Çocuklarınızın iyiliği için birçok şey yapıyorsunuz değil mi?. Okumalar, danışmalar, araştırmalar vs.

Bunların hepsi de çok kıymetli şeyler. Fakat bütün bunları sindirmeniz yani yaşamla bağını da mutlaka kurmanız gerekiyor.  

Onlar için kurmuş olduğunuz hayallerin sahibi sırf siz değilsiniz bunu bilmeli ve hedefler belirlerken sadece bir yol gösterici edasıyla onlara yaklaşmalısınız.

Onlara, “onların kendilerine ait bir benliklerinin olduğunu” mutlaka ama mutlaka hissettirmelisiniz.

Sadece çevresel hedefleri gerçekleştirmek bir başarı değildir. Kendi hayallerinizi çocuklarınıza dayatamazsınız.

Aksi halde onları soktuğunuz o telaşlı maceranın içinde kendinizi de bulur ve davranışlarınızı artık kontrol edemezsiniz.

Sağlıklı bir iletişim kurmak istiyorsanız, bunlara kesinlikle ehemmiyet göstermelisiniz.

Ve ağzınızdan çıkanlara dikkat etmelisiniz. Çünkü kırılan kalpler, tamir edilemezler.

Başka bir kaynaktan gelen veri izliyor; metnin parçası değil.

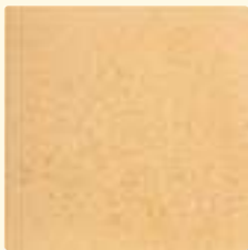
215 ocker mittel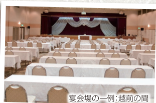
宴会場の一例:越前の間

様々な目的に合わせてご利用頂ける、大小の会場がございます。是非お役立てください。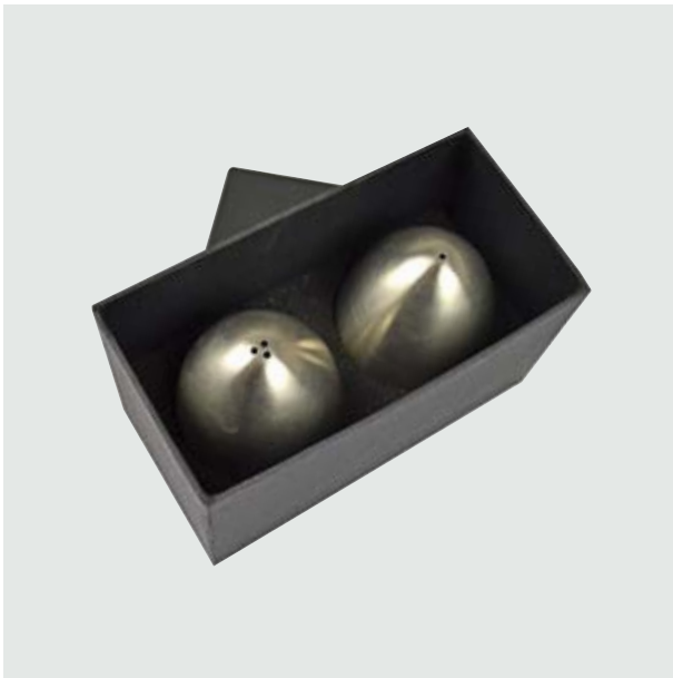
CAS 20 Set Pepper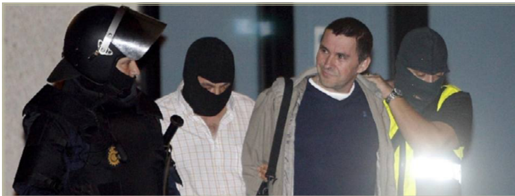
Arnaldo Otegui, actual dirigente de Bildu.

El nacionalismo en general, y el vasco muy en particular, tienen la habilidad de atribuir al Gobierno central todos los males que acechan a la sociedad, pese a su elevada cuota de competencias en importantes materias que afectan directamente a los ciudadanos. Sin embargo, muestra la misma destreza para auto colgarse todas las medallas en aquello que va bien. Así las cosas, el PNV se convierte en un interlocutor imprescindible con quien inevitablemente ha de ponerse de acuerdo el Gobierno de España, aún en el breve periodo de tiempo en que en la Comunidad Autónoma del País Vasco gobernó el PSE con el apoyo del PP.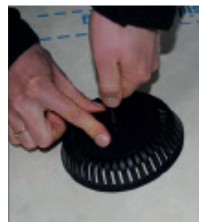
Overdelen presses ned mod undertaget.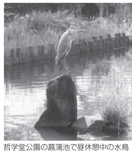
哲学堂公園の菖蒲池で昼休憩中の水鳥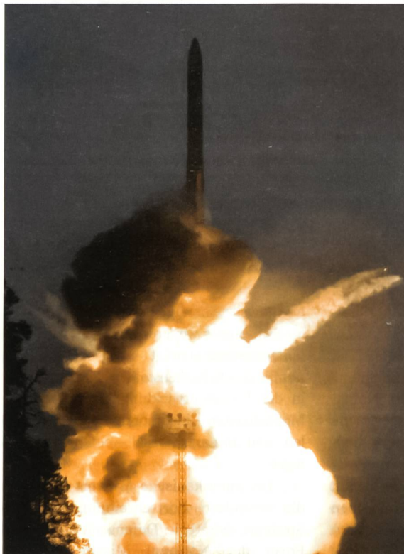
Erprobung einer neuen russischen Interkontinentalrakete.

Vorwand ist das amerikanische Raketenabwehrprogramm, National Missile Defense, dessen erklärter Zweck die Abwehr von Angriffen durch nuklear bestückte ballistische Raketen von neuen, als gefährlich eingestuften Atommächten ist, z.B. Iran oder Nordkorea. Das Angebot der USA an Polen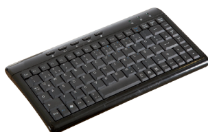
KBGE-MT204S Clavier USB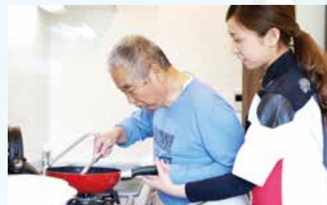
退院後に始まる 本当の自立に向けたリハビリテーション

北原リハビリテーション病院では、院内での集中的なリハビリテーションや、入院早期から退院後の生活を想定した自宅での超実践的なリハビリテーションを行います。日中は病院内、自宅などでスタッフとマンツーマンのリハビリテーションを行い、その他の時間もスタッフから提案された自主トレーニングや集団でのアクティビティで回復に努めます。長期入院による身体機能や認知機能の低下を防ぐため短期間でよりよい状態となっていただくことを目指しています。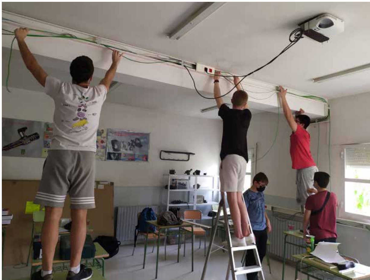
Imagen 4: Instalación del cableado estructurado del aula

FOL, que también formaban parte del reto, han estado presentes en todo el proyecto ya que, al estar sufragado por fondos europeos, se han creado materiales audiovisuales bilingües de cara a justificar el proyecto delante de la Comisión Europea, y al haber trabajado como una empresa real, se han realizado todos los trámites para actuar y constituirse como tales.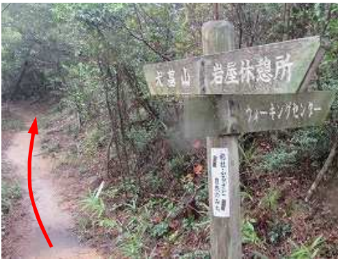
この案内板が立つ分岐を東へ進む。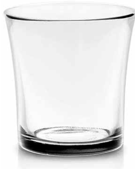
La transparencia se aclara ella mismita

Que todos los funcionarios declaren sus bienes con honestidad serrana y habremos dado un paso hacia la transparencia, base de la justicia y del orden que nos faltan.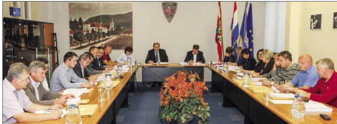
Gradskim vijećnicima na pitanja su odgovarali članovi izvršne vlasti i pročelnici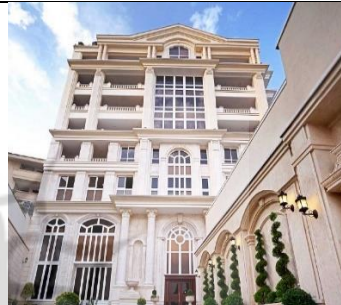
بام جمشیدیه سال ساخت: ۱۳۹۰ مشخصات نما: سرستون کورنتی، فرم پنجره قوس دار ساده، طرح نوارهای افقی، بالکن، احجام هرمی شکل قوس، نمای سنگ گرانیت و سیمان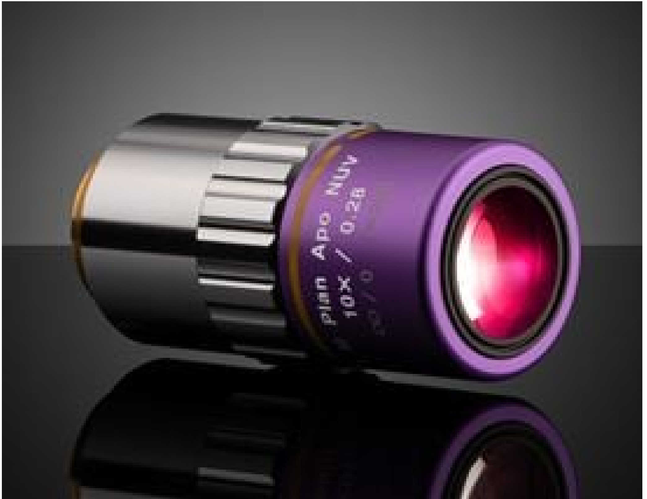
10X Mitutoyo Plan Apo NUV Infinity Corrected Objective, #86-176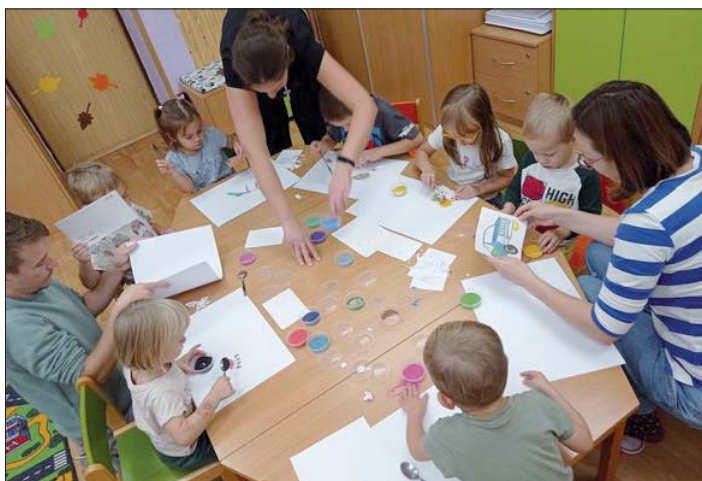
Oblíbené tvořivé dílničky pro děti i rodiče.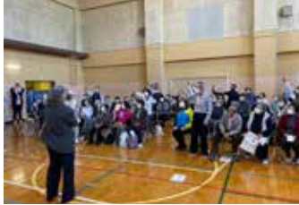
【競技の様子：最初はグー】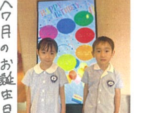
サインの前でパシャリ📷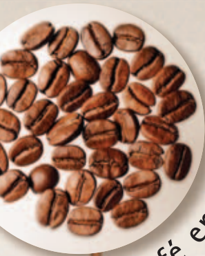
Café en grano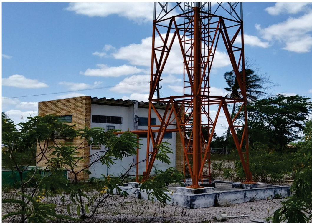
Figura 02 – Vista da torre metálica e da edificação de apoio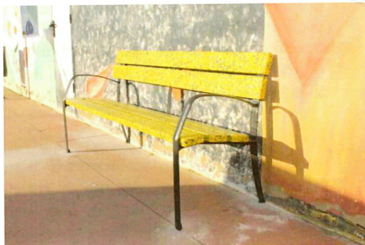
Imagen 4: Ejemplo mobiliario urbano hecho con tapones por CM Plastik.

Es por ello que desde nuestro Grupo Municipal Unidas Podemos Izquierda Unida Alcalá de Henares proponemos llegar al siguiente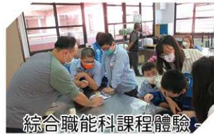
綜合職能科課程體驗-濾掛咖啡包裝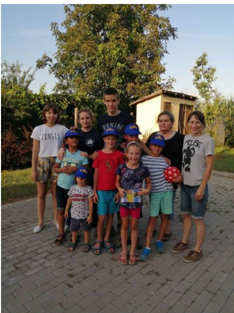
A gyermekklub résztvevői Vargabokorban és Borbányán

Összesen 68 gyermeket érthettünk el az evangélium üzenetével, és két gyermekről tudhatjuk, hogy elfogadta Jézust Megváltójának! Hálásak vagyunk mindazért, amit Isten köztünk és bennünk végzett!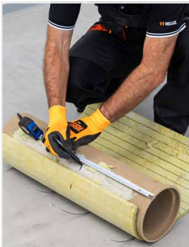
MOŽNOSŤ REZANIA VLOŽKY NA DOSIAH- NUTIE POŽADOVANEJ VÝŠKY SOPÚCHA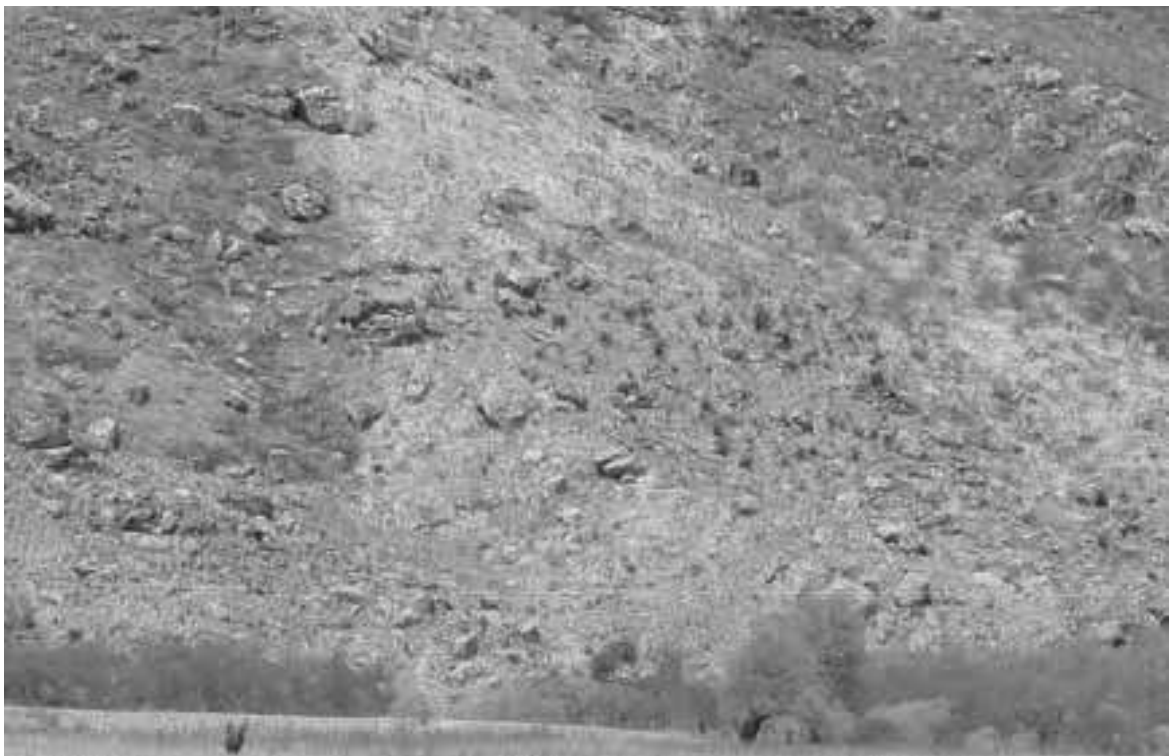
Figura 3 – Agricultura de encosta em Irauçuba

Em Irauçuba, a agricultura do desmatamento e das queimadas é praticada nas áreas recobertas por luvisolos, argissolos e solos litólicos. Como vimos, estes solos estão posicionados sobre um relevo que varia de suave-ondulado a forte-ondulado, ou seja, de declividade de 8 a 45% (Figura 3).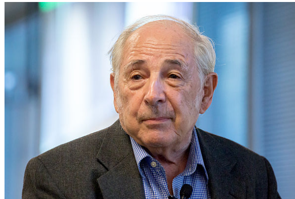
Portrait John Rogers Searle, ein amerikanischer Philosoph

Hier lohnt ein näherer Blick aus sprachphilosophischer Richtung. Vor dem Hintergrund der Amtseinführung und der nachfolgenden Diskussion gewinnt sie an neuer Relevanz, kann sie doch der Debatte um

Daha önce benzeri görülmemiş tarihi bir döneme bir devre şahitlik ediyoruz. Aklımızı zorlayacak derecede çok yoğun bir yaşam sürdüğümüz bu devirde, meşguliyetler arasında bocalamaktayız.

Aslında birçok kolaylaştırıcı teknolojik vasıtaya sahibiz bu doğru. Peki, buna rağmen neden daha fazla yoğun ve çok daha fazla meşgulüz?

Bu sorunun cevabını bildiğinizden eminim. Nitekim hepimiz de bu kolaylaştırıcı araçlarla aynı orantıda hızlı bir yaşam sürdüğümüzün farkındayız değil mi?.

İnsan, belli bir takım içgüdülere ve fiziksel özelliklere sahip olan bir varlıktır.

Bunlara binaen insanda en bariz görülen özellik ise sahip olma arzusudur. Yani çok çok daha fazla şeye sahip olmak istiyoruz ve bu isteğimizi kamçılayan çok reklam yığını olan bir asırda yaşıyoruz.

Yaşadığımız bu çağda beş duyu organımızın algılama gücünü aşan reklam fenomenlerine aşırı maruz kalmaktayız.

Ben bu cümleyi özellikle ve bilinçli olarak kurdum, yani gerçekten bildiğimiz duyusal algılarımızı aşan bir oranda bu reklam furyası.

Onların hedef ise “bilincimiz” değil “Bilinçaltımız” dır.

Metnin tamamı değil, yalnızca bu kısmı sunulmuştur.